Oh boy, where to start? So I have not ever seen this movie until now, but (like most people) I know this movie from it’s infamous cover it – which upon reflection should have qued me in to what I could expect from this film. That being a little green Ghoulie rising out of a toilet. Somehow I used to think this was such a cool design. I was also seven at the time. Back then you could go to any movie rental, trick your parents that you were going to go check out Nintendo games and then sneak your way over to the horror aisle. There among all the Friday the 13th and Freddy movies you would see Ghoulies in all its toilet goodness.
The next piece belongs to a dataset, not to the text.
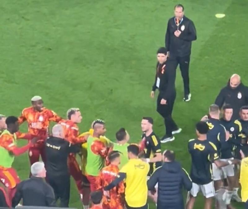Süper Lig'in 14'üncü haftasında Fenerbahçe ile Galatasaray'ı karşı karşıya getirecek derbi mücadelesi öncesi tansiyon yükseldi. Isınmak için sahada bulunan iki takım oyuncuları arasında tartışma çıktı.
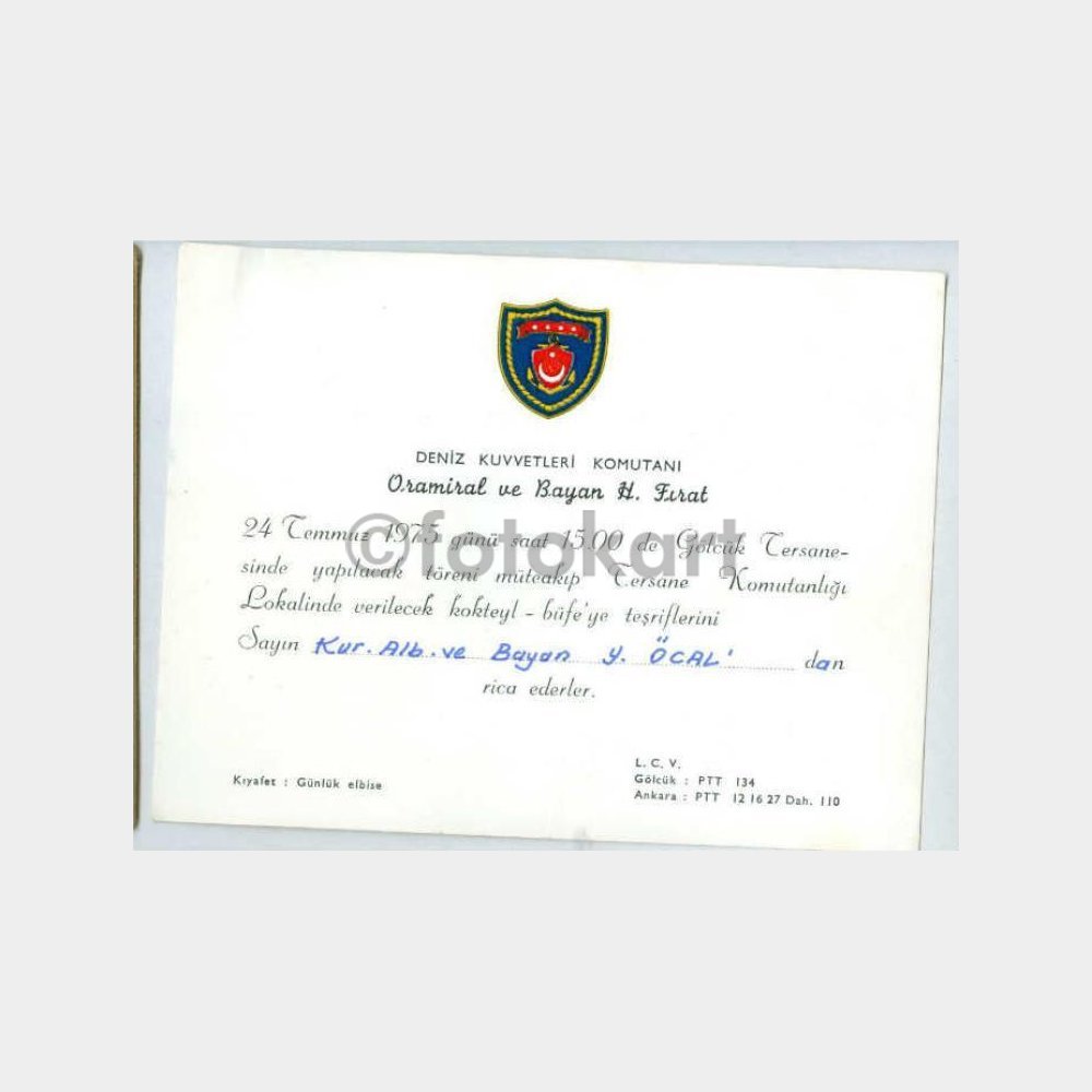 1975 Deniz Kuvvetleri Komutanı Oramiral Hilmi Fırat Davetiye

Something about that little green monstrosity was amazing to my little naive mind.

 

Ghoulies was also a product of the infamous Satanic Panic era that ran wild in the 80’s. If you grew up in a church-going home back then you’re probably well aware that Satan wanted nothing more than to rip out our little kiddie souls. According to the ultra conservative crowds NOTHING was safe. Smurfs were evil, He-Man figures were dragging us to Hell, and Saturday Morning cartoons were the portal to Satanism. You younger readers may think I’m over-exaggerating this a bit, but oh no. It was really that bad. Let my buddy the Cinema Snob tell you more about it right here:

 

 

The Satanic Panic was a very real thing. So naturally movies about demons and Satanism were all the craze, and a lot of times they went a little too far (little demon popping out of a toilet for example).

 

image via giphy

 

Ghoulies is all about Satanic practices. Our lead character Jonathan (Peter Liapis) inherits an old house from his father. Come to find out dear ol’ dad was deeply involved in the Occult, so much so that he nearly killed little baby Jonathan in a botched ritualistic sacrifice. Now, years later (and with no memory of nearly being a burnt offering as a babe of course) Jonathan discovers his dead father’s Satanic paraphernalia. What do you do when you find an old moldy book of black magic demon summoning spells? Why you throw a party and summon yourself some snotty nosed little demons right in front of your friends of course!

 

image via ComingSoon

 

 

Demons – oh sorry, Ghoulies – are raised from Hell. Jonathan is impressed by his own demonic awe and makes it rain in his basement. He runs around in some really silly looking robes and uses an elementary-school theater prop as a trident of power! I’m sure this sounded absolutely killer on paper when the screenplay was hot off the press. What we get though is pure silliness as evil shenanigans take place in the house of goofy Hell. And they all play it so fucking seriously.

 

I know this movie is categorized as horror/comedy, but we gotta be honest here. American Werewolf in London, Return of the Living Dead, Evil Dead 2, Army of Darkness, Rocky Horror Picture Show, Little Shop of Horrors, Ghostbusters, Snakes on a Plane are all examples of how that genre works. Ghoulies feels like it falls into this category by default and not intentionally. The movie does feel like it could exist in the same universe of the Troll movies. Just as silly.

 

We are treated to some of the greatest over-acting imaginable as Jonathan grows in evil power, so much so that his eyes glow lime green. His evil Satanic dad is resurrected from the grave (I think completely by accident too) out in the back yard and it becomes a battle of the necromancers!  I mean just look at this nonsense.

 

 

This is a movie I had way too much fun watching. I wish I could divide the film up into sections and just review or comment on each fragment. If ever a film deserved the Manic treatment it’s this one right here. So this has been you pal, Manic Exorcism. Thanks for joining me as we waded along the green stinking sewers of horror’s history. I hope everyone has a very Happy Thanksgiving. Safe travels to everyone, eat up, make memories and be safe on Black Friday. And once you’ve filled up on all the turkey or pumpkin pie Thanksgiving provides and make your way to the bathroom…be sure to check your toilet. This movie promises that they will get you in the ‘end’.